Did he keep his word?

“The next day, I saw Jerry talking to a journalist who worked for the rival newspaper. I went up to Jerry and asked him about every topic I thought Jerry could share with a writer that would hurt me. Jerry assured me that none of those things was on the table. One of them was putting Tom Landry in the Ring of Honor. He denied it. The next day, in the rival newspaper, the headline on 1A was that Jerry Jones is inducting Tom Landry into the Cowboys Ring of Honor.

“Jerry can say he doesn’t mind criticism. People have this perception that he enjoys it. I can tell you he does not always enjoy being criticized.”

What’s an example of Jones being kind?

“Our daughter had germinoma, a brain tumor. She had to have radiation treatments for it. Jerry sent her a huge bouquet of stargazers. He informed the nurses that whatever she wanted, she was to get.

“I was doing an interview with Jerry in his office when the Cowboys were two weeks from going to the Super Bowl in Arizona with Switzer as the coach. At the end of it, he asked how my daughter was. I told him she was ultimately going to be fine and live a long and normal life, which is what has happened.

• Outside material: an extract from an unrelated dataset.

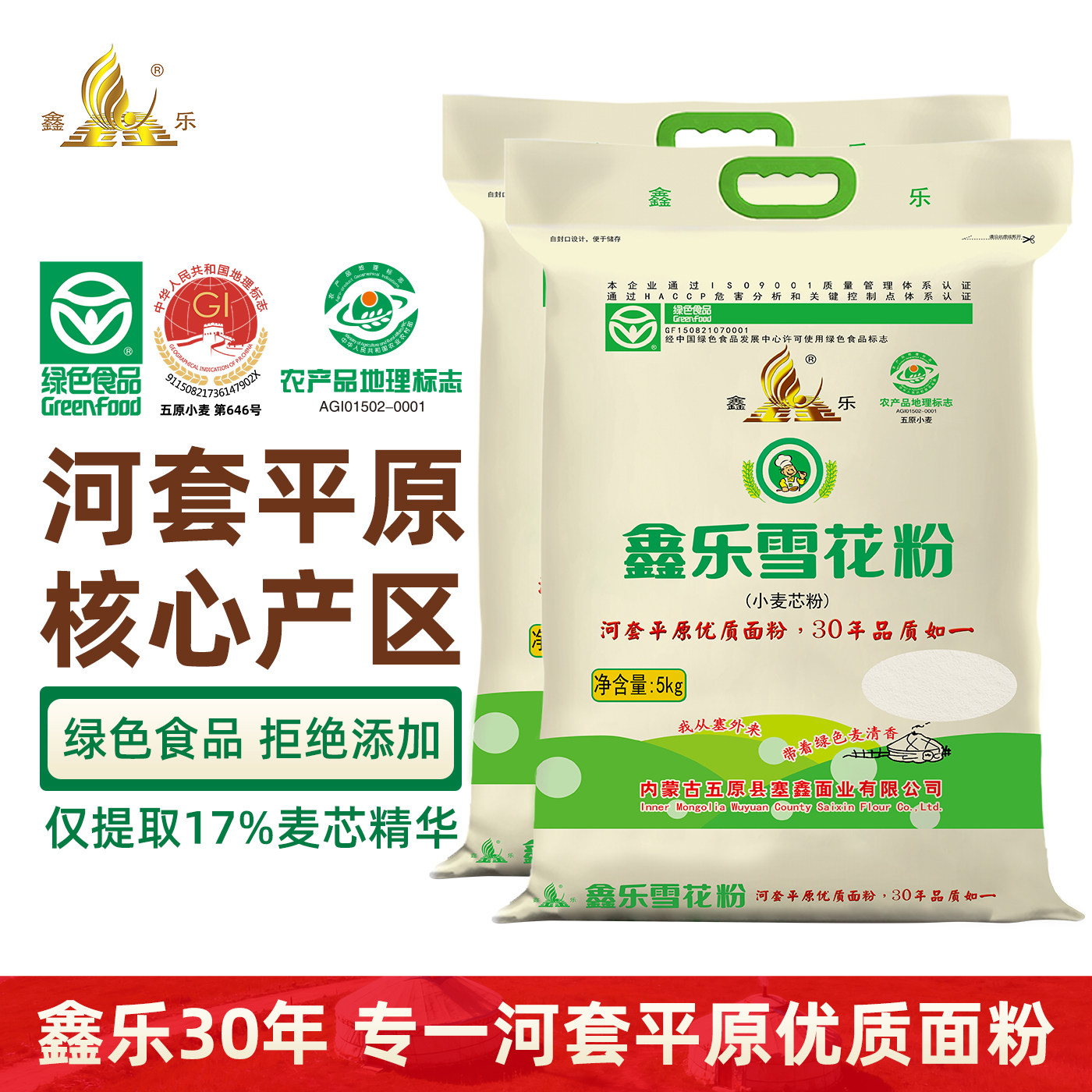 鑫乐内蒙古河套平原雪花粉20斤正宗红小麦中筋麦芯粉A级绿色食品

He said, ‘I don’t want to offend you as a journalist. I’m not trying to change our relationship. I certainly don’t want you to perceive this the wrong way, but how would your little girl like to go to the Super Bowl on my plane?’ I told Jerry I couldn’t accept that offer, kind as it was. The mistake I made was I told my daughter. She still thinks I owe her a trip to the Super Bowl.”

What is the biggest challenge with covering the Cowboys now?

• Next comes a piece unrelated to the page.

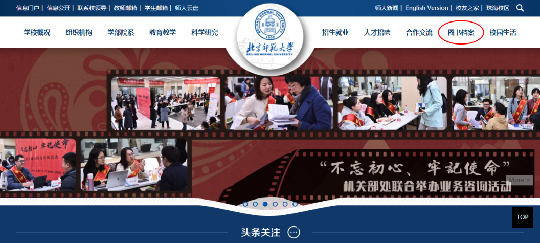 ● 登陆北京师范大学官网“//www.bocaisites.com/”,找到“图书档案”;

“The expansion of competition for Cowboys information and breaking news. Everybody in the country wants to break news on the Cowboys. Everybody has an opinion on everything they do, especially everything Dak Prescott does. That’s the most difficult part. It’s navigating all that and having the players and the people you’re covering be able to separate your coverage from others and understand that the media is not just one big, bad thing where just the loud voices prevail. There are people who care about covering the team fairly and objectively.”

How is this Cowboys season going to end?

“It’s hard to say. I think we’re going to know a lot more after they play the Ravens on Sunday. I think they need to reestablish their identity as an invincible home team. They need to start well because of the circumstances they’re in. Dak Prescott and CeeDee Lamb got paid. Mike McCarthy and his coaching staff haven’t gotten paid. I don’t think they can afford to start poorly and have the players in the locker room begin to question who they’re accountable to. I think that would be a bad scenario for them.”